━━ MATERIAL FOR THIS TASK ━━

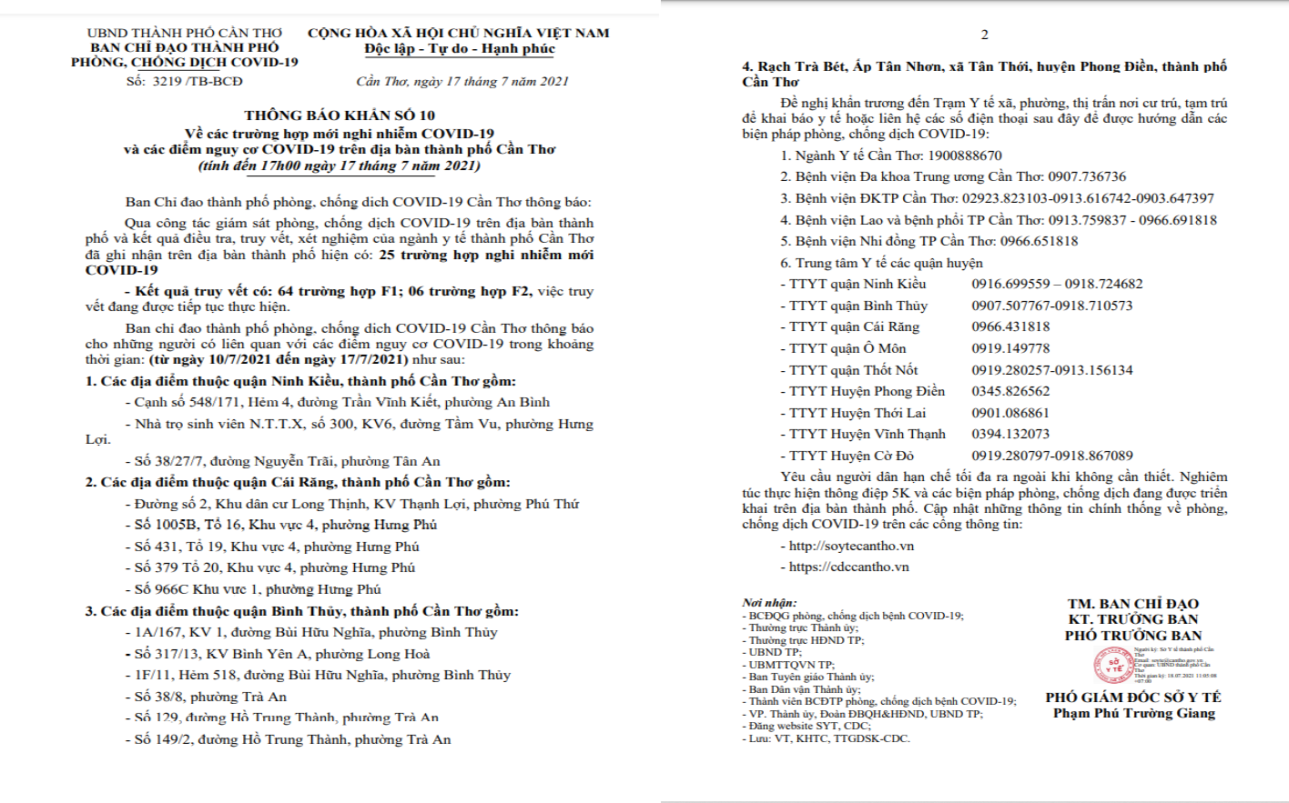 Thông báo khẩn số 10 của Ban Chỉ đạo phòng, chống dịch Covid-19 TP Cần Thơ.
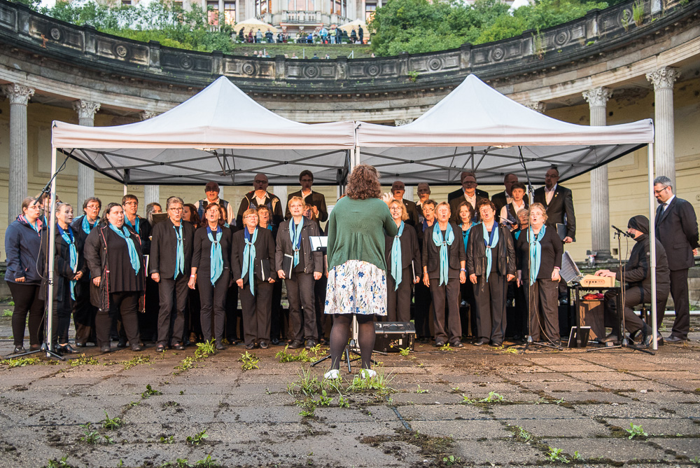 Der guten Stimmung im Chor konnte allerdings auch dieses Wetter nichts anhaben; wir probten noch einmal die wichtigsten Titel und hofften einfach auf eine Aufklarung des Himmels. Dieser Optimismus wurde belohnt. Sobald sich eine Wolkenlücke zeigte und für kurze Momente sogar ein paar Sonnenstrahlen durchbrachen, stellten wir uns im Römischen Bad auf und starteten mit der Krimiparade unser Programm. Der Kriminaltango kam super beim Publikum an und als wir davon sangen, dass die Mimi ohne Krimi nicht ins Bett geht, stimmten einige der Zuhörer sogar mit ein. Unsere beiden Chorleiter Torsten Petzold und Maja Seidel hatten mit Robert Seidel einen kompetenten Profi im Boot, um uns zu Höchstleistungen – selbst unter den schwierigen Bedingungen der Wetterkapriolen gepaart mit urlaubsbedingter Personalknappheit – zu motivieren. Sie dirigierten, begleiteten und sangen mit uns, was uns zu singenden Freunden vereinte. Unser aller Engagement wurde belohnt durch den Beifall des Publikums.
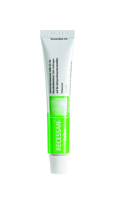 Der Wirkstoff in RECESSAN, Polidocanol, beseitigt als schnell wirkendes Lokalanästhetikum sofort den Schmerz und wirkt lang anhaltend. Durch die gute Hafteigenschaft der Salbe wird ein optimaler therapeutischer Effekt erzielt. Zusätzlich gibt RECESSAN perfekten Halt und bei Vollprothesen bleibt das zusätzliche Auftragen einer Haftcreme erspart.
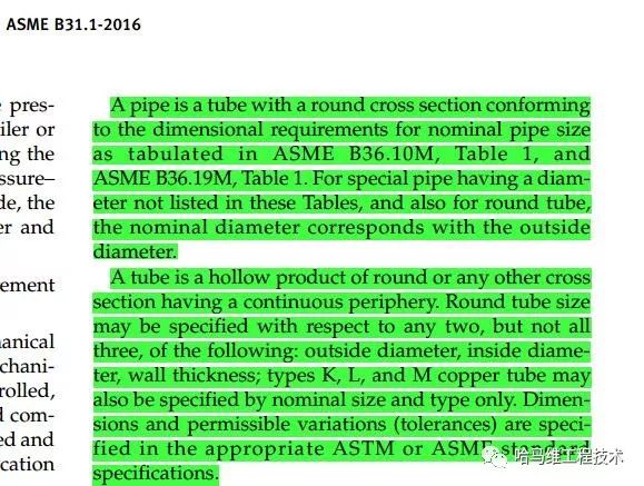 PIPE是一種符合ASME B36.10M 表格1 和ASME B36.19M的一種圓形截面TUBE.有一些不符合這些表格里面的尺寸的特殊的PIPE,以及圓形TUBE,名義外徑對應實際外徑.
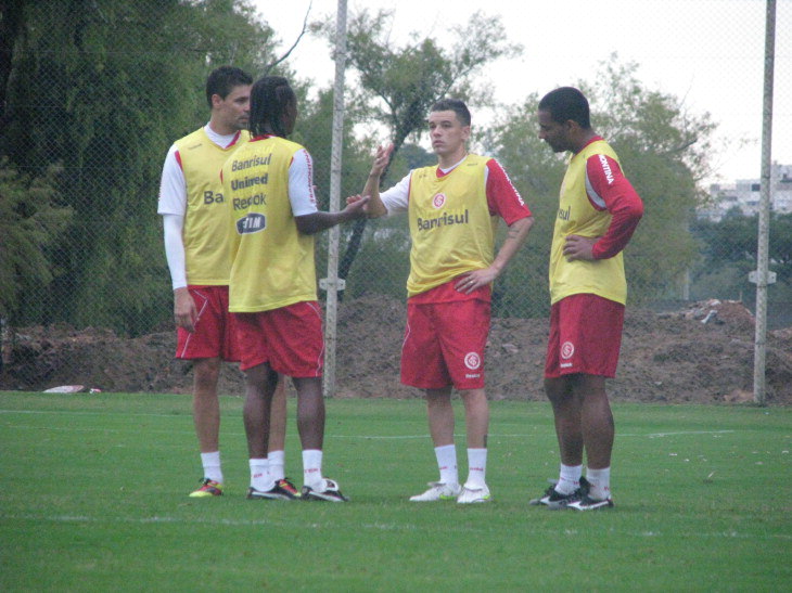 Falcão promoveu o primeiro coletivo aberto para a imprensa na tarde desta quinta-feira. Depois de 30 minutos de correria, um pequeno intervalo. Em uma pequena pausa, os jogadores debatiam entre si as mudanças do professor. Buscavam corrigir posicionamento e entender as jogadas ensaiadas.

━━━
━━ MATERIAL FOR THIS TASK ━━

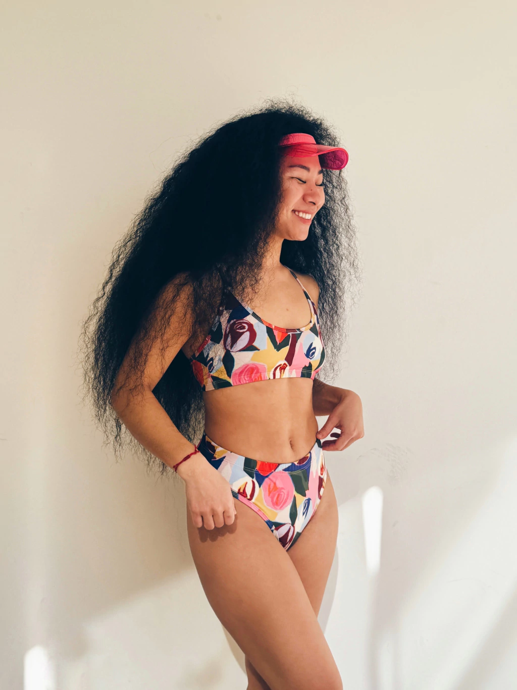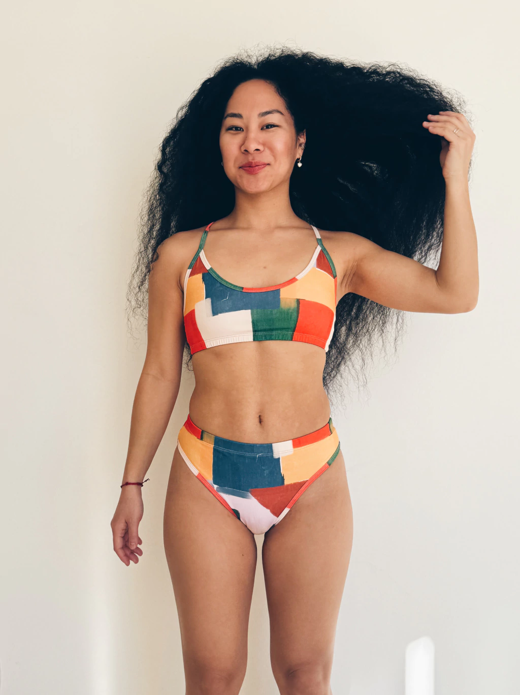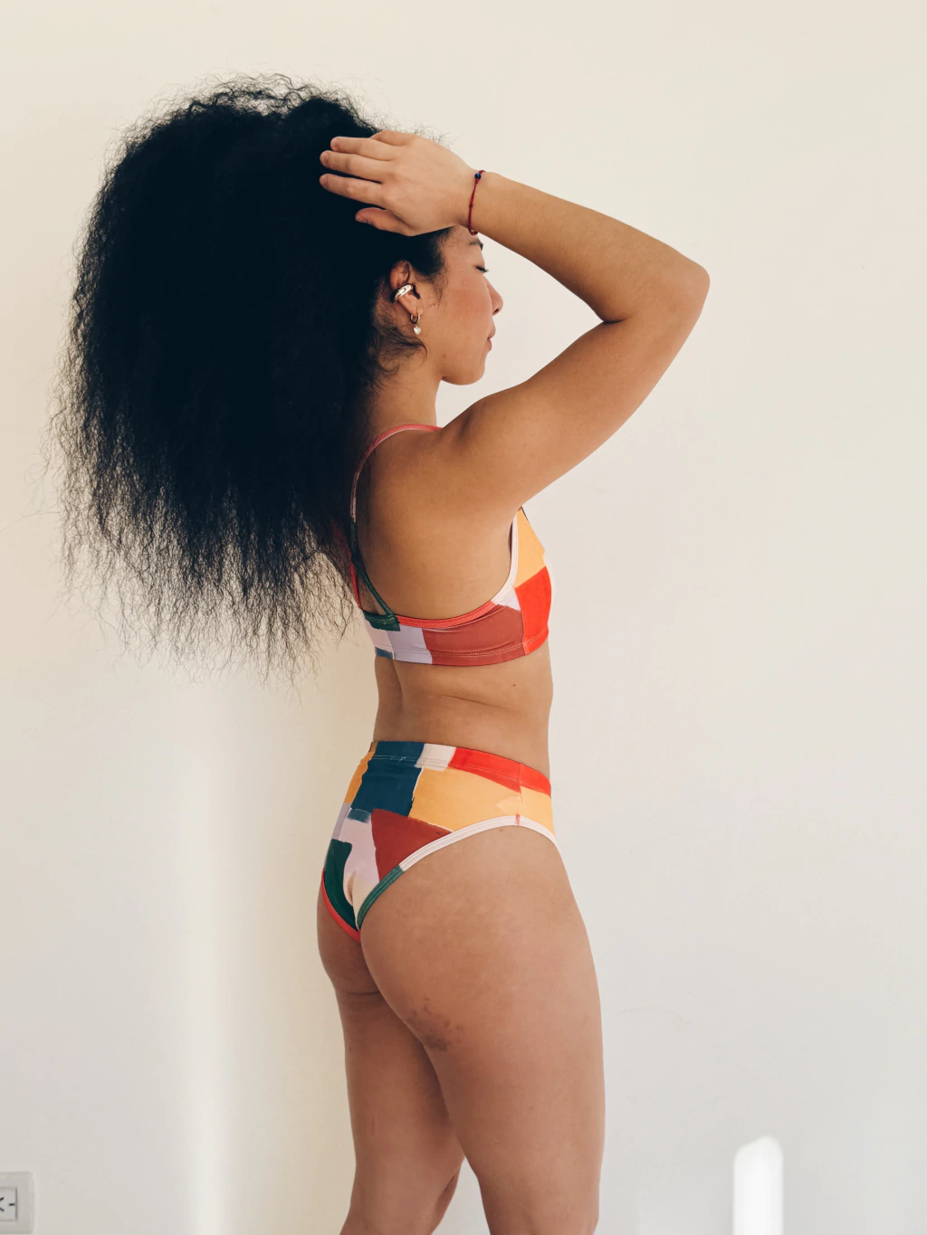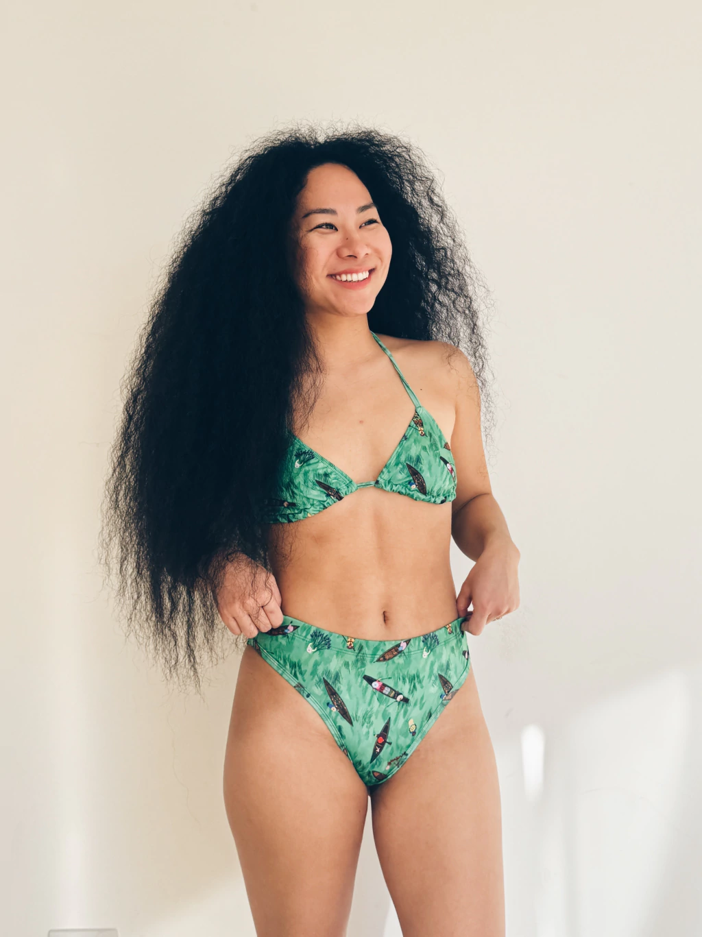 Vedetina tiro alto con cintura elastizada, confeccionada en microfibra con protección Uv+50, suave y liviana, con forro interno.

━━━

_EXERCISE DESCRIPTION:_
Keep to the stretch from the line containing "Der Wirkstoff in" through the line containing "Falcão promoveu o", both ends included, and copy it exactly from the listing above, minus the pictures.

_RESPONSE TO THIS EXERCISE:_
 Der Wirkstoff in RECESSAN, Polidocanol, beseitigt als schnell wirkendes Lokalanästhetikum sofort den Schmerz und wirkt lang anhaltend. Durch die gute Hafteigenschaft der Salbe wird ein optimaler therapeutischer Effekt erzielt. Zusätzlich gibt RECESSAN perfekten Halt und bei Vollprothesen bleibt das zusätzliche Auftragen einer Haftcreme erspart.
 PIPE是一種符合ASME B36.10M 表格1 和ASME B36.19M的一種圓形截面TUBE.有一些不符合這些表格里面的尺寸的特殊的PIPE,以及圓形TUBE,名義外徑對應實際外徑.
 Falcão promoveu o primeiro coletivo aberto para a imprensa na tarde desta quinta-feira. Depois de 30 minutos de correria, um pequeno intervalo. Em uma pequena pausa, os jogadores debatiam entre si as mudanças do professor. Buscavam corrigir posicionamento e entender as jogadas ensaiadas.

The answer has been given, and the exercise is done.